* **Task directions**
From the listing below, set down exactly the lines between the one holding "Неймовірна весняна сукня" and the one holding "近日,深圳市南山区人大常委会", inclusive. No other line is wanted.

* **Records for the exercise**
Content starts

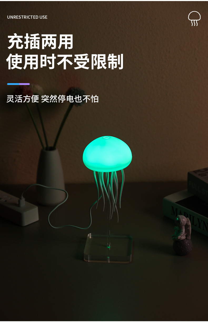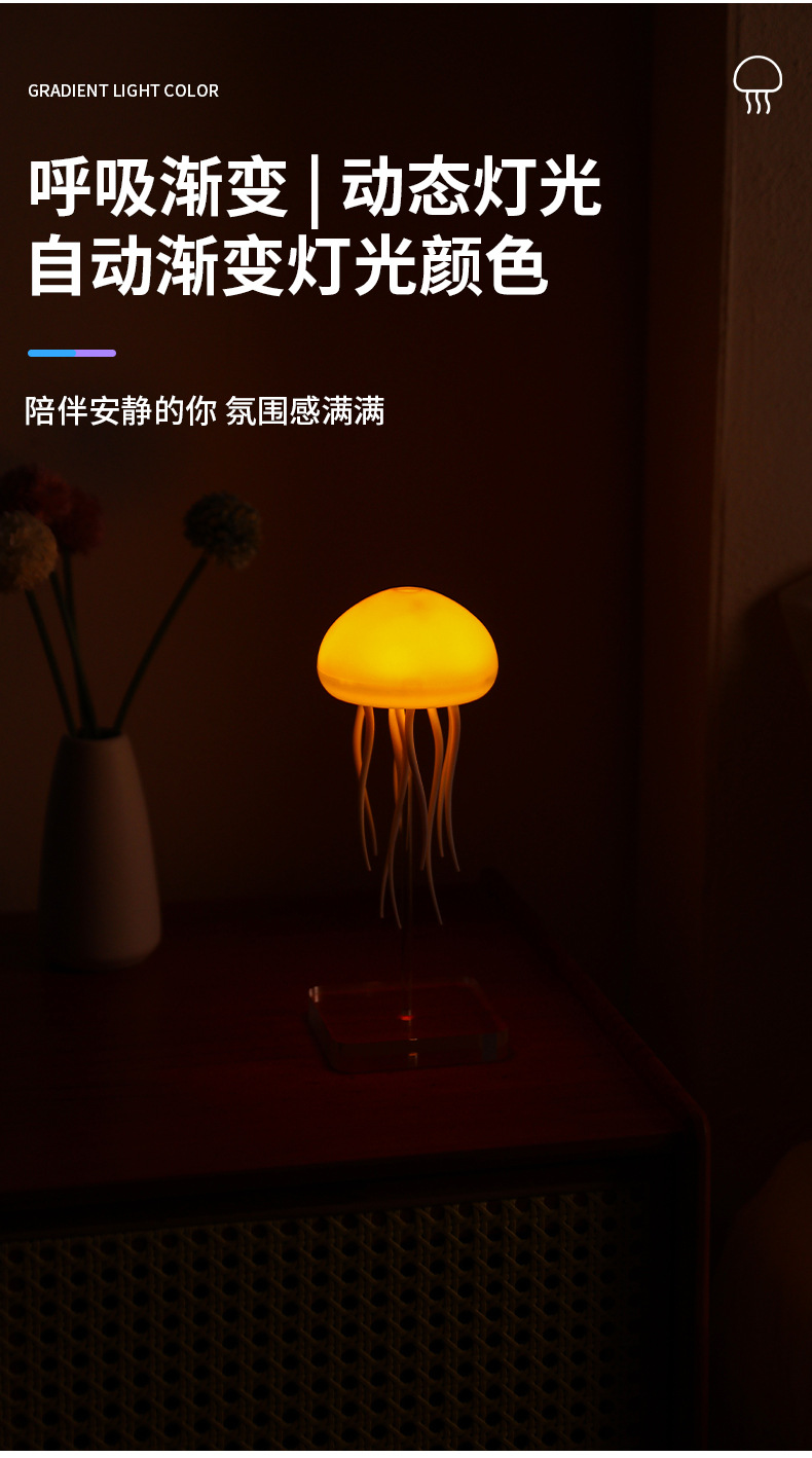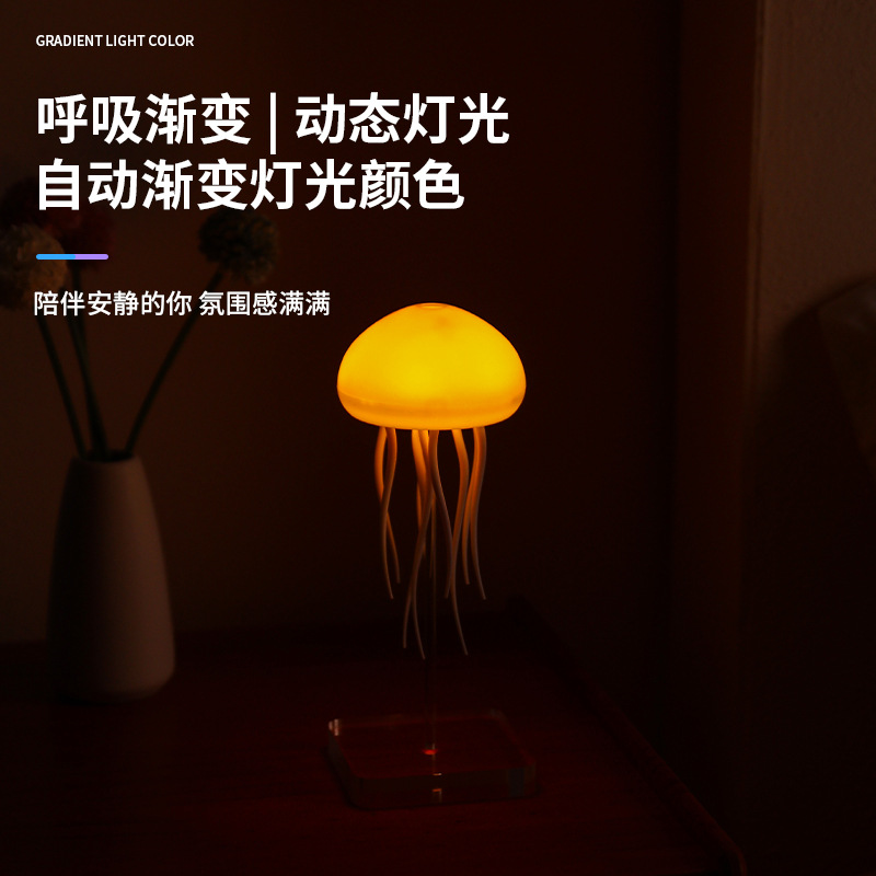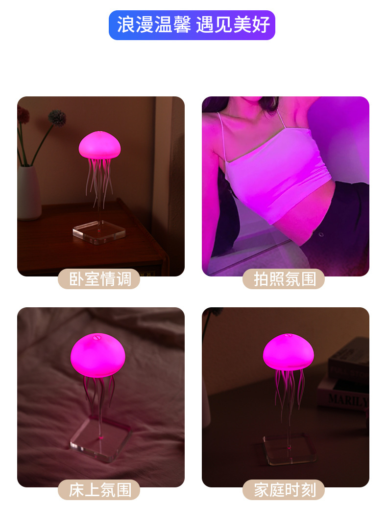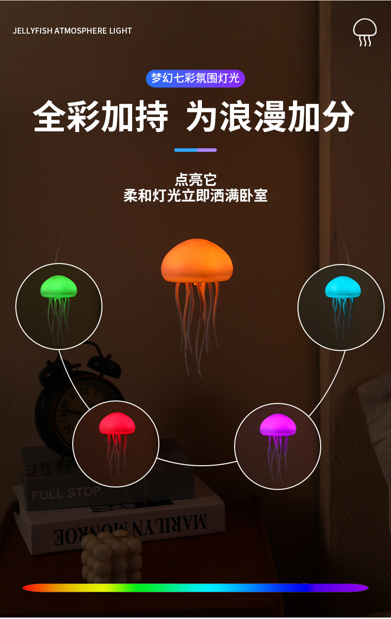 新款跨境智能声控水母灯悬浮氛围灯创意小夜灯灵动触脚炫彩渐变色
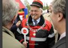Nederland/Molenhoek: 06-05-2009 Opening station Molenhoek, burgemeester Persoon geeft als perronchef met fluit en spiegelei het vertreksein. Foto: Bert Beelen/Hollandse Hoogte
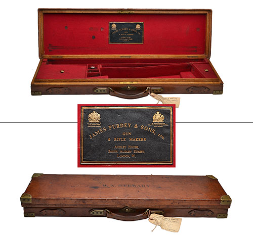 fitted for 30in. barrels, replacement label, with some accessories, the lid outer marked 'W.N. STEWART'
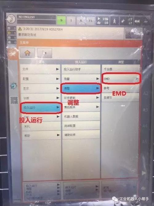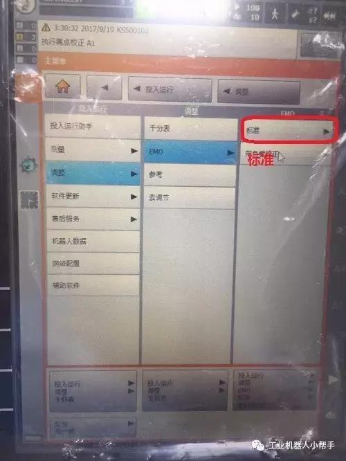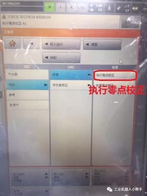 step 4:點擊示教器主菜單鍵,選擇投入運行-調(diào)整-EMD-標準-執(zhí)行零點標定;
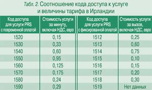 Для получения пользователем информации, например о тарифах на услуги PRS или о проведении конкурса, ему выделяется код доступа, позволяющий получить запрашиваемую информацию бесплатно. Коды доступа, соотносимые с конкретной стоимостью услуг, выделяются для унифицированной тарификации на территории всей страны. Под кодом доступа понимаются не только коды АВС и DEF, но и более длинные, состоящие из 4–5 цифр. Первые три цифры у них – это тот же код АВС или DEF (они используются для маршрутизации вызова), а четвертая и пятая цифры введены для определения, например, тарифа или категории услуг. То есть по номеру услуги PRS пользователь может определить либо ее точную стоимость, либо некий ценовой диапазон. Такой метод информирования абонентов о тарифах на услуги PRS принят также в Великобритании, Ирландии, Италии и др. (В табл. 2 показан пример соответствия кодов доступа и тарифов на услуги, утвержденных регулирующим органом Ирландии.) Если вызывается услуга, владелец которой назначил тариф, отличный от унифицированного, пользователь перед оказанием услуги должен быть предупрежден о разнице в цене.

Content ends
Content starts

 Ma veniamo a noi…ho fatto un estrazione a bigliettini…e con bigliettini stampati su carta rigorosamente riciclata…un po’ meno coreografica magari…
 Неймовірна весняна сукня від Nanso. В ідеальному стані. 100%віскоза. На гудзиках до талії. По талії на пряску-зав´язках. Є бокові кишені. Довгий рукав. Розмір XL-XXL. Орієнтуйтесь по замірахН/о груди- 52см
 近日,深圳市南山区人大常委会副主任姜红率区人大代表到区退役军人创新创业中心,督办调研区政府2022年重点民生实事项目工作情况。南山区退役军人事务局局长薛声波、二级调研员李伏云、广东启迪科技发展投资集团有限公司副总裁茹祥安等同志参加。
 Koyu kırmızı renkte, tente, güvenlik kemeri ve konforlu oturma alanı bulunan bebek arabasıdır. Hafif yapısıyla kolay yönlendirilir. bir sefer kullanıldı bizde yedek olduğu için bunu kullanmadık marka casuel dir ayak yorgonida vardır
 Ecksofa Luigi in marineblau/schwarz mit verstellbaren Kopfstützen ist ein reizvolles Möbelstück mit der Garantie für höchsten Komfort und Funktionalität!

Content ends

* **Response area**
 Неймовірна весняна сукня від Nanso. В ідеальному стані. 100%віскоза. На гудзиках до талії. По талії на пряску-зав´язках. Є бокові кишені. Довгий рукав. Розмір XL-XXL. Орієнтуйтесь по замірахН/о груди- 52см
 近日,深圳市南山区人大常委会副主任姜红率区人大代表到区退役军人创新创业中心,督办调研区政府2022年重点民生实事项目工作情况。南山区退役军人事务局局长薛声波、二级调研员李伏云、广东启迪科技发展投资集团有限公司副总裁茹祥安等同志参加。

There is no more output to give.